Julie Jay: Nobody wants their child to be a bully — or to be bullied

Our kids will most likely alternate between being a victim of bullying at some point and a proponent too, because such is the way of humans
Julie Jay: Nobody wants their child to be a bully — or to be bullied

Julie Jay: As a former teacher, I’ve witnessed prodding and slagging and things going too far. I always felt for the bully’s parents too, because ultimately all we want is for our kids to play nice, be kind, and make everyone feel important. It must be heartbreaking to hear that your child is giving another child a hard time.

A few weeks ago, Ted pushed somebody in the playground. More confusingly, the recipient of this push was a child he usually gets on great with. Though I hadn’t seen what had precipitated the incident, I marched him home immediately (given that we live approximately five feet from the playground, this is a lot less dramatic than it sounds).

I ushered Ted into the sitting room and sat my husband down in the kitchen for a chat. I told him about the incident and advised him not to panic. That this was totally normal, within the scheme of things, and we shouldn’t overreact.

Sadly, Fred couldn’t hear me because he was already furiously googling child psychologists.

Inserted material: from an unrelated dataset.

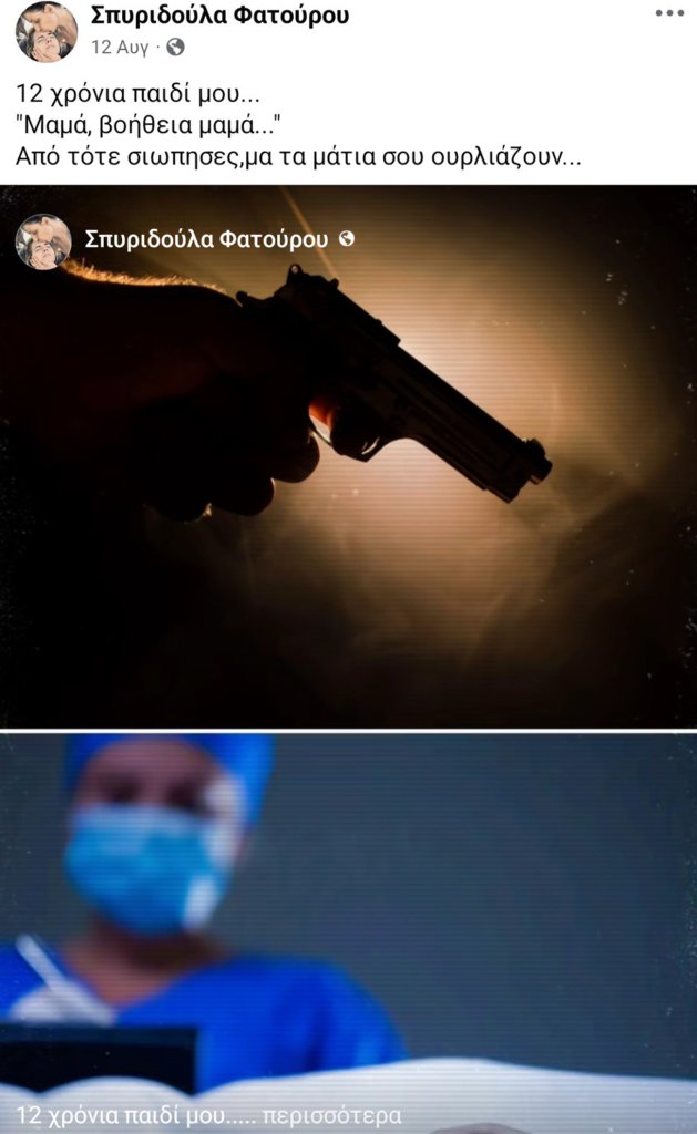 Με μια συγκλονιστική ανάρτηση η μητέρα της Ασπασίας Μπόγρη από το Άργος, Σπυριδούλα Φατούρου, αναφέρθηκε στην μαύρη επέτειο των 12 ετών από τότε που ο πατέρας του κοριτσιού τον Αύγουστο 2013 την πυροβόλησε στο κεφάλι για να εκδικηθεί τη μητέρα της, ενώ στη συνέχεια αυτοκτόνησε με το ίδιο όπλο.
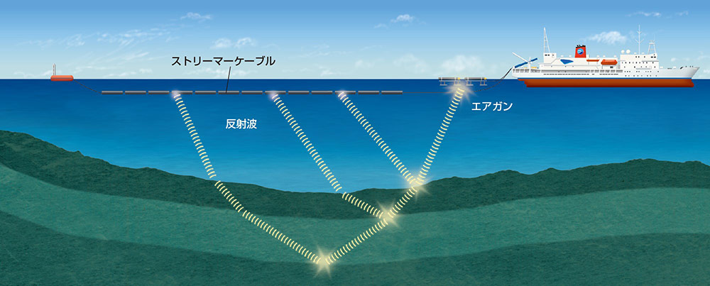 このデータを解析すると、地層の様子や断層の入り方などの海底下、

"We’ve got a serious problem on our hands," he whispered as we nervously eyed Ted in the hall, who had now turned his attention to counting pebbles.

"He’s just testing boundaries, Fred," I said because I have watched TikToks with child counsellors, so I know stuff.

Fred’s hands clasped his cheeks as he pondered Ted’s future years.

"What if he becomes a bully?" he asked.

I immediately pooh-poohed the idea, and Fred dismissed it too. Given both his parents were a bully’s dream in school, Ted becoming a bully would be a strange turn of events. Fred went to an all-boys boarding school and liked music, particularly choir, so he was not the most popular kid in fifth-year, when the main hobbies were smoking and getting the shift. I, meanwhile, liked art and poetry, so between the two of us, we made it easy for schoolyard tyrants to poke fun at our respective glockenspiel and the latest haiku.

Bullying is going to rear its ugly head at some point, and I am dreading it. Ted will most likely alternate between being a victim at some point and a proponent because such is the way of humans. Just last week, a friend called and told me her son had been punched in a very sensitive area at school. She was understandably fuming, so much so I could practically feel her nostrils flaring down the phone.

"Still, it's better to be the parent of the one who was hit in the nuts than the parent of the one doing the hitting," I said. She mumbled something that sounded like 'acquiescence' while shouting at a child in the background to spit out a battery and ending the call abruptly.

Bullying is a big accusation. As anyone who has watched an episode of The Real Housewives can attest, it is one of those words that can’t be retracted once put out into the ether. Once it is uttered, there is no coming back.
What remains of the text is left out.